# 20gal Nano Community! Fish Suggestions!



## mischievouscat (Jul 8, 2008)

Hey there! Long time, no post. This thread is littered with questions. Any answers, suggestions, or comments are greatly appreciated.

Soon, I will be starting up a *20 gallon long* aquarium. I intend for this to be a *soft-water, acidic planted* tank suited for certain *nano fish*. I'm hoping to filter with an AquaClear 30. 

-- First question: Is this appropriate filtration for the types of fish I'm looking at (see below)? Would I be better suited to a smaller AquaClear or 2x weaker filters? 

For fish, I have a ton of options of fish I've been dying to try.

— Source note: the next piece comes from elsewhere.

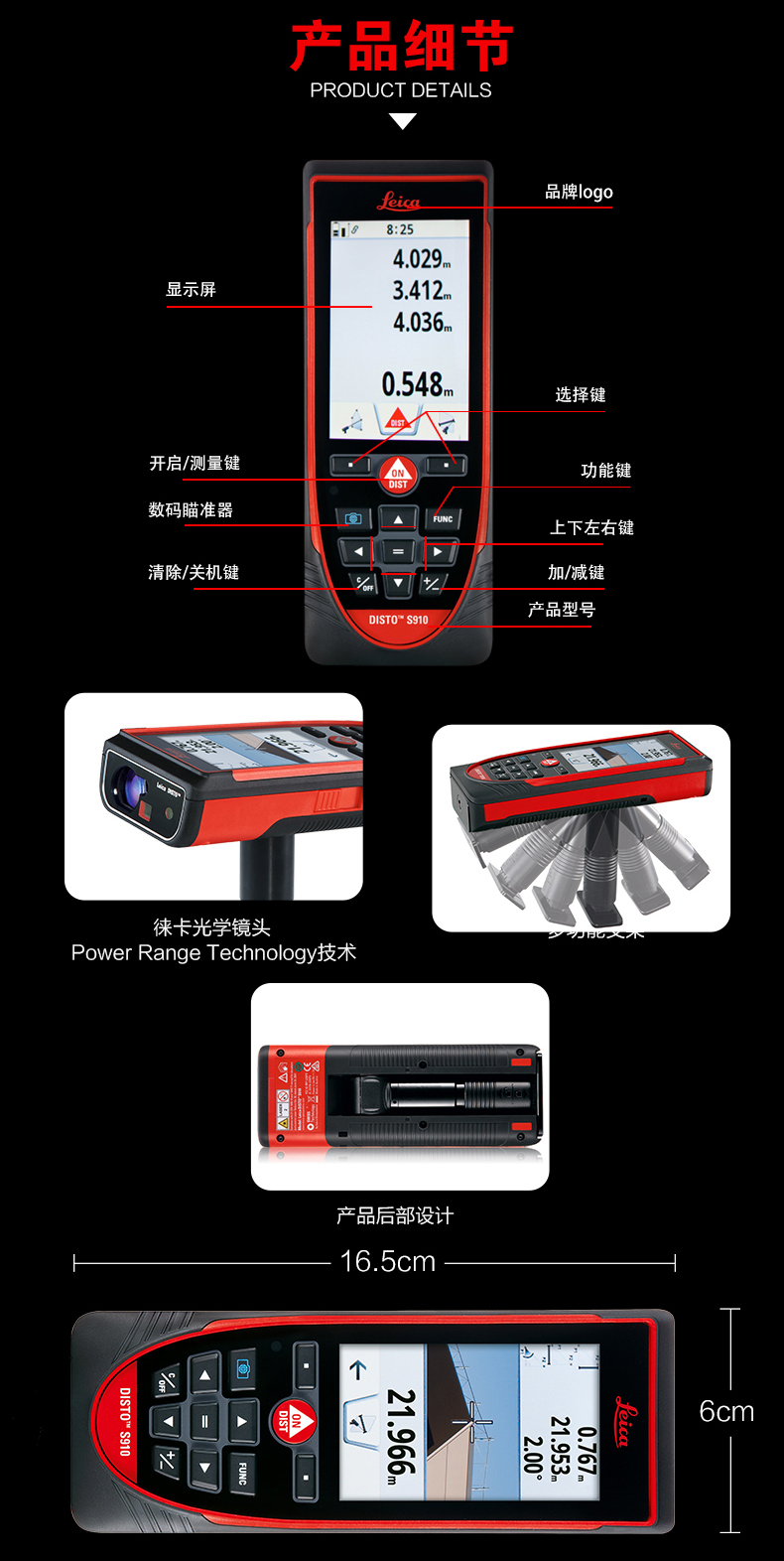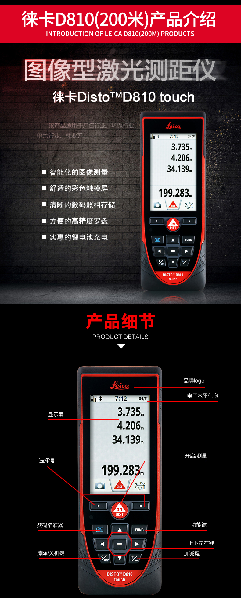 D810 Touch激光測距儀,高精度激光測距測高儀測量范圍 : 0.05 m ~ 200 m ; 測量精度 ( 典型 ) : ± 1.0 mm / ± 0.04 in ,距離,面積,體積,角度,間接測高,變焦數碼瞄準器,無線藍牙傳輸,高度輪廓測量 ,D810 Touch激光測距儀彩屏數字圖像顯示!高精度

On many of these species, very little information is available. Please share personal experiences or what you've heard. I'm especially interested in the following: scarlet badis, sparkling gouramis, celestial pearl danios, (sparkle-eye or any) white cloud minnows, pygmy corys, (rocket) killifish

For a feature fish, I'd like either the sparkling gourami or scarlet badis.
-- Could I have both? Which of these species is bolder, less likely to hide? 

For a schooler, I'm interested in either some variety of white cloud or celestial pearl danios. I'd prefer the latter.
-- I've heard the danios can be nippy with each other. Thoughts? Would either species work with my choice of feature fish?

I'm thinking some pygmy cories might also work. (EDIT: Ooo, I forgot shrimp. Maybe cherry shrimp instead of pygmy cories.)

I'm looking for good color and interesting activity. Any additional fish suggestions?

*How would you stock this nano tank (which species, how many)?*


----------



## Mikaila31 (Dec 18, 2008)

First off I expect your tank is going to be densely planted? 

Filter may be a bit much, you don't need a lot with nano fish as their bioload is really small. Sparklers would prefer minimal surface movement. 

When it comes down to the scarlet badis or sparklers, you could do both. Remember sparklers are a social gourami, so you should have a group ideally 4-6. I've only had scarlet badis once and they did not do very well, but my water was not acidic. As far as I know scarlet badis are pretty much always male. 

For the schooling species I would personally avoid CPDs. First off they are pricey little fish especially looking at a school of them. I'm not sure what the status is on this fish currently, but I know the aquarium trade did a hard hit to the wild populations and caused significant habitat destruction back when if was first discovered in (2006?). I believe its still suggest you breed the fish (species only tank) if you intend to keep it. I think it becomes a bit of an ethical question if you put known wild fish in a community tank with this species =/. 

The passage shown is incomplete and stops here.